Titles in PDF files

Post Reply
watterson
Posts: 71
Joined: Mon Feb 14, 2005 4:15 pm

Titles in PDF files

Post by watterson »

How does webinator determine the title for PDF files it crawls? The titles on the search results appear (to me) to be inconsistent. Some have the file name while others have meaningful title.
User avatar
John
Site Admin
Posts: 2622
Joined: Mon Apr 24, 2000 3:18 pm
Location: Cleveland, OH
Contact:

Titles in PDF files

Post by John »

It uses the title property stored in the PDF document. Depending on how the PDF was created it may be more or less meaningful.
John Turnbull
Thunderstone Software
User avatar
mark
Site Admin
Posts: 5519
Joined: Tue Apr 25, 2000 6:56 pm

Titles in PDF files

Post by mark »

Webinator uses the "Title" specified in the PDF document. If there is none it will revert to "PDF Document". Often pdf generators will put the source filename as the title of the document. So you end up with pdf's with useless titles like "myfile.doc".
watterson
Posts: 71
Joined: Mon Feb 14, 2005 4:15 pm

Titles in PDF files

Post by watterson »

How does webinator determine the title for PDF files it crawls? The titles on the search results appear (to me) to be inconsistent. Some have the file name while others have meaningful title.
watterson
Posts: 71
Joined: Mon Feb 14, 2005 4:15 pm

Titles in PDF files

Post by watterson »

I am sending this private so it does not show up on the website.

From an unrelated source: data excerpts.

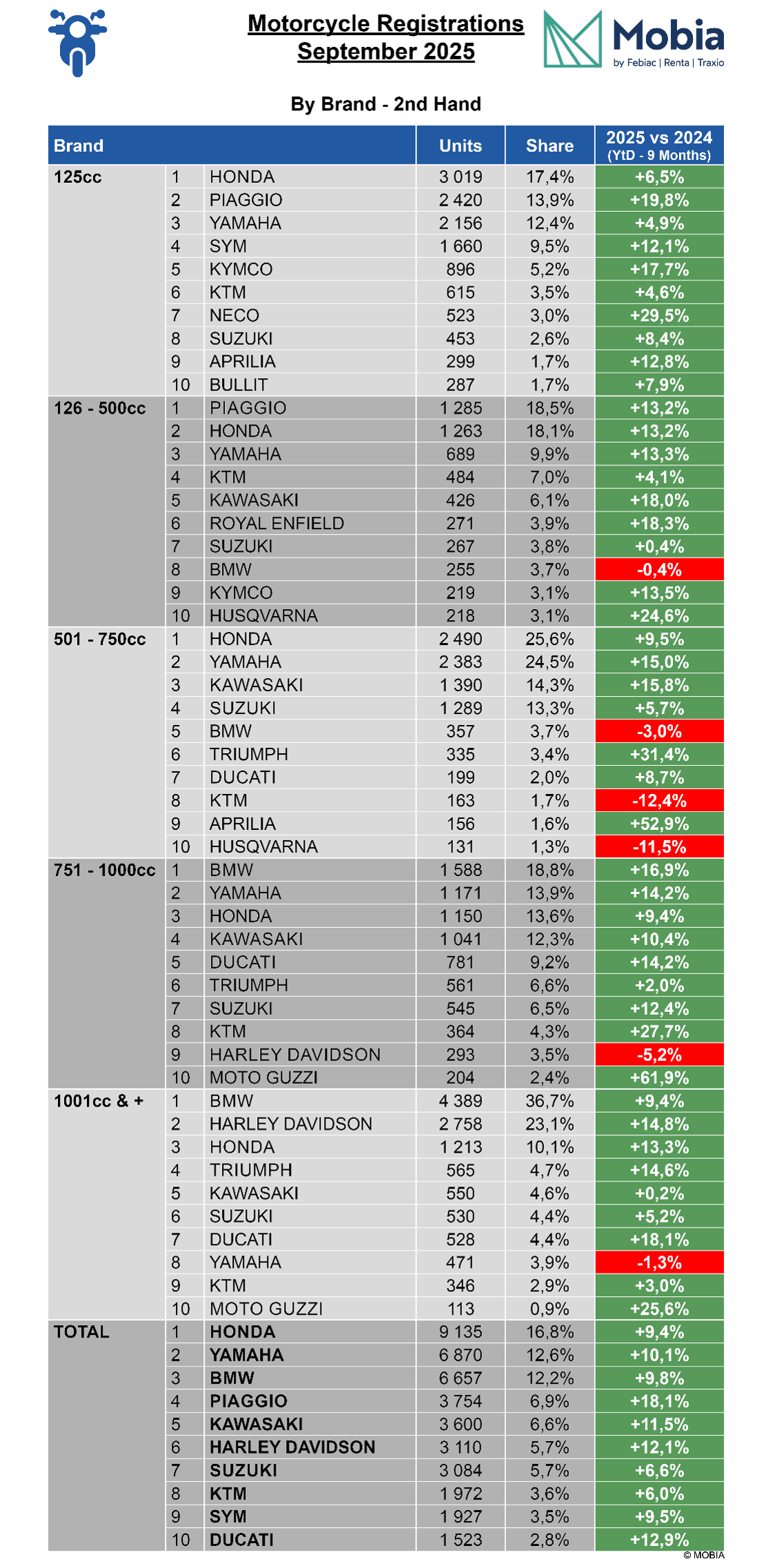 Bij de merken blijft Honda marktleider (3.825 inschrijvingen, marktaandeel 17,6%). BMW volgt op een afstand (2.999 eenheden) terwijl Yamaha lijdt onder moeilijke leveringen van de nieuwkomers (2.639 stuks) maar blijft voor een sterk presterend Kawasaki blijft. Opvallende dalers zijn KTM-Husqvarna-GasGas en Harley-Davidson. CF Moto van zijn kant stijgt maar liefst +90,9%, bijna een verdubbeling ten opzichte van vorig jaar dus, en staat als eerste Chinees merk al op de zesde plaats in het klassement. Ook QJ Motor is aan een sterke opmars bezig (+412,5%) maar blijft in absolute aantallen nog een pak achter op CF Moto. Toch is het een teken aan de wand dat de Chinese merken bezig zijn aan een sterke opmars.
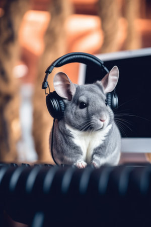 A chinie with headphones sitting on a keyboard. Generative AI image.
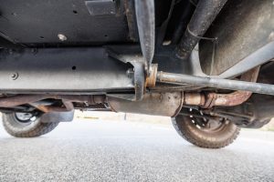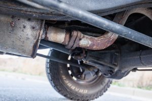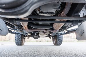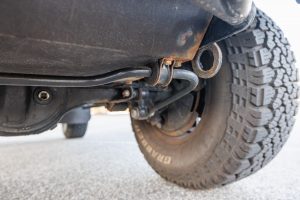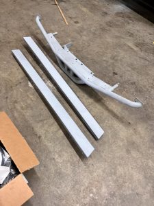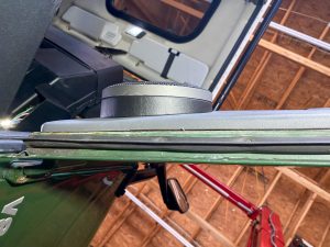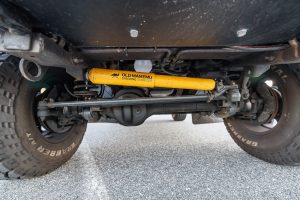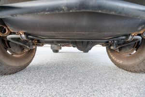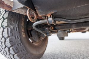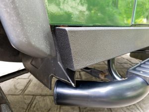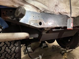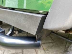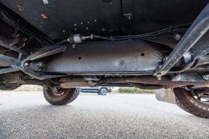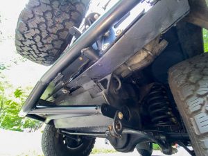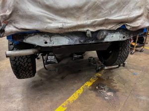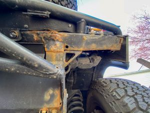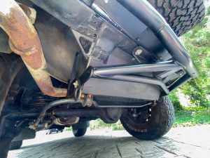 Rusty areas were cut out and replaced with fresh metal and the interior was treated with a rust preventer. Images of the repair work and final result can be seen in the gallery below. The rock rails and rear bumper were similarly stripped and refreshed. The exhaust system shows evidence of heavy surface rust but is solid with no holes or leaks that we can see (or hear).
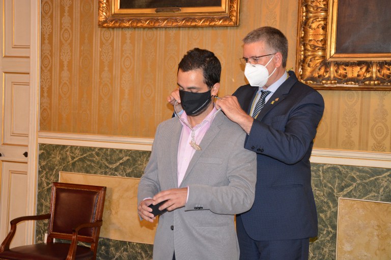 L’alcalde de Tarragona, Pau Ricomà, ha presidit l’acte i li ha atorgat al nou conseller el botó amb l’escut de l’Ajuntament i la medalla.
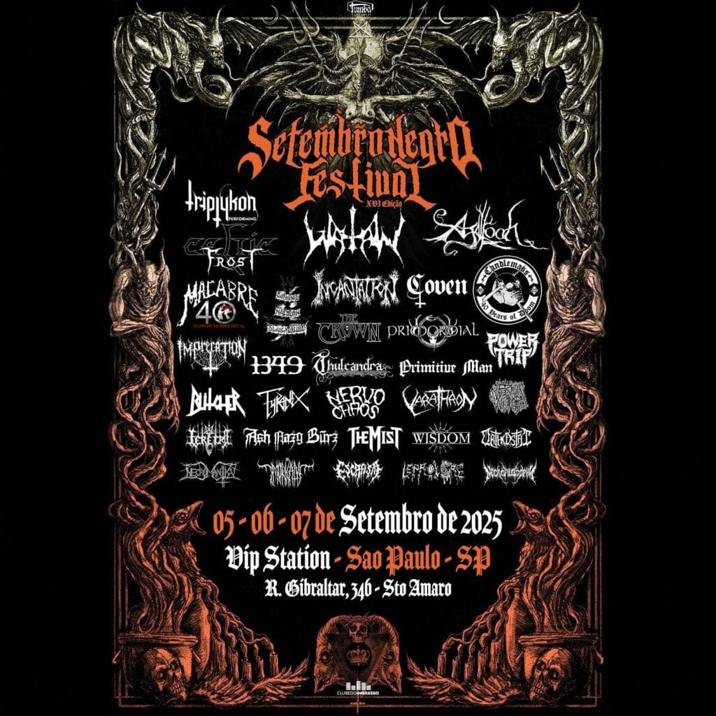 O line-up reúne 30 bandas de diferentes partes do mundo, incluindo lendas como Coven, Candlemass, Triptykon — com um set especial apresentando Celtic Frost —, Macabre, Incantation, Watain e Varathron. O cast também destaca nomes importantes do cenário nacional, como NervoChaos, The Mist, Necrofilosophy, Necromantticu e o quarteto catarinense ORTHOSTAT, que juntos representarão a força do Metal extremo produzido no Brasil. Confira abaixo o cartaz e o serviço completo para mais informações:
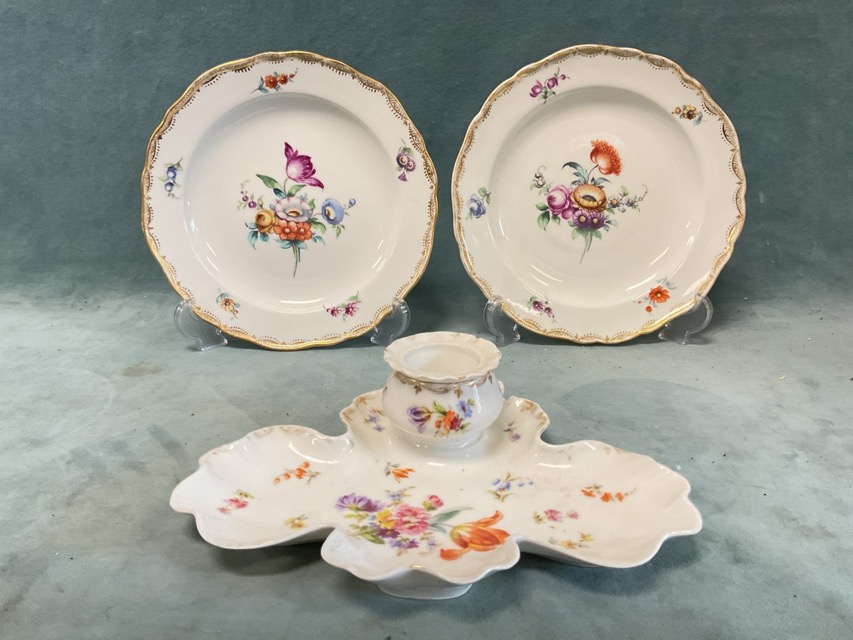 A pair of Meissen floral plates with scalloped gilt rims painted with poychrome floral sprigs - crossed swords marks; and a continental leaf shaped desk inkstand with floral decoration. (3)
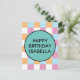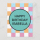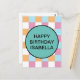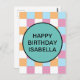 Cool, blue, orange white, and pink chequerboard pattern and a text template. To edit, click personalise and change the words.
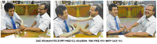 1년 만에 한국을 방문한 슈미트 박사는 “독일에서 1000명 이상의 의사들에게 서금요법(고려수지침)을 알렸고, 고려수지침으로 환자들을 자극, 좋은 효과를 보고 있다”면서 “서금요법 좋다. 독일과 유럽에서 고려수지침이 널리 알려지고 있다. 21세기 최고의 의술이다”고 말했다. 서울에서 열린 의료세미나에 참석한 뒤 학회를 방문한 슈미트 박사는 바쁜 일정을 소화하느라 조금 피곤한 모습이었다. 유태우 회장으로부터 직접 음양맥진 분별을 받고 서금요법(금봉ㆍ침봉) 치방을 받자 얼굴이 환해지면서 “몸이 편안해지고 피곤함이 없어졌다”고 기뻐했다. |
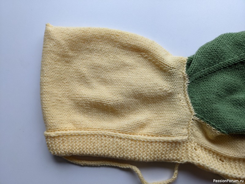 Начало вязания от капюшона. Набор петель идет по верхней центральной линии от лба до макушки. Двойной отворот платочной
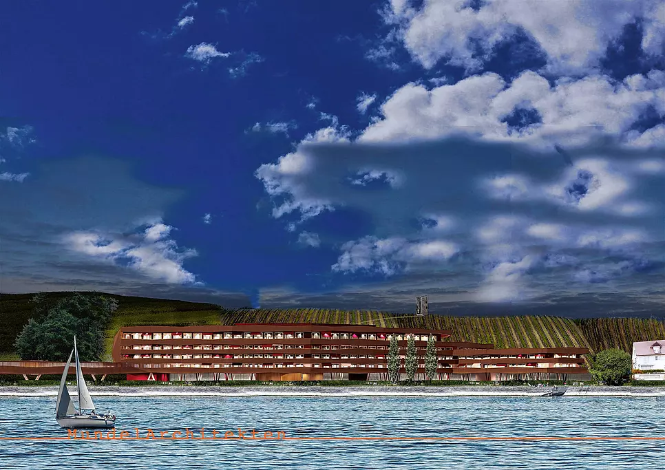 150 Zimmer, Tagungsräume, Bistro, Bar und Restaurant sowie ein kleiner Spa-Bereich mit Schwimmbecken. Der Entwurf des Architekturbüros Külby und Külby kommt spektakulär daher. Die Architekten planen eine Herberge mit 300 Quadratmeter großen Zimmern, die alle Seeblick erhalten sollen. Damit die Weinberge sichtbar bleiben, soll das Gebäude in der Mitte abgesenkt werden. Partner sollen die Titanic Hotels sein, die, meist in Berlin 14 Hotels, betreiben.

That makes me wonder how Google does it. When there is a useless title in one of our pdf, doc, xls, files, google somehow finds a meaningful title.
User avatar
John
Site Admin
Posts: 2622
Joined: Mon Apr 24, 2000 3:18 pm
Location: Cleveland, OH
Contact:

Titles in PDF files

Post by John »

My guess would be that they may be looking for some large/bold text at the top of the document as an alternative, although I'm not sure when they'd choose to use that versus the actual title property in the PDF.
John Turnbull
Thunderstone Software
watterson
Posts: 71
Joined: Mon Feb 14, 2005 4:15 pm

Titles in PDF files

Post by watterson »

Ok, one last question, I think.

Is there a way to change the title using regular expressions? I am not yet comfortable with how these are used with webinator, so it may not be possible.

Mike
User avatar
John
Site Admin
Posts: 2622
Joined: Mon Apr 24, 2000 3:18 pm
Location: Cleveland, OH
Contact:

Titles in PDF files

Post by John »

You can use the "Data from Field" to override the title, and pull it from somewhere else, however that is not currently a conditional, so it is all titles or no titles from the field. For example if you wanted the title of all results to be the first 50 characters of the Body you could have as a search:

>>=.{,50}

in the Text field.
John Turnbull
Thunderstone Software
watterson
Posts: 71
Joined: Mon Feb 14, 2005 4:15 pm

Titles in PDF files

Post by watterson »

Ok, thanks, but as you probably guessed, changing all the titles is not optimal for us.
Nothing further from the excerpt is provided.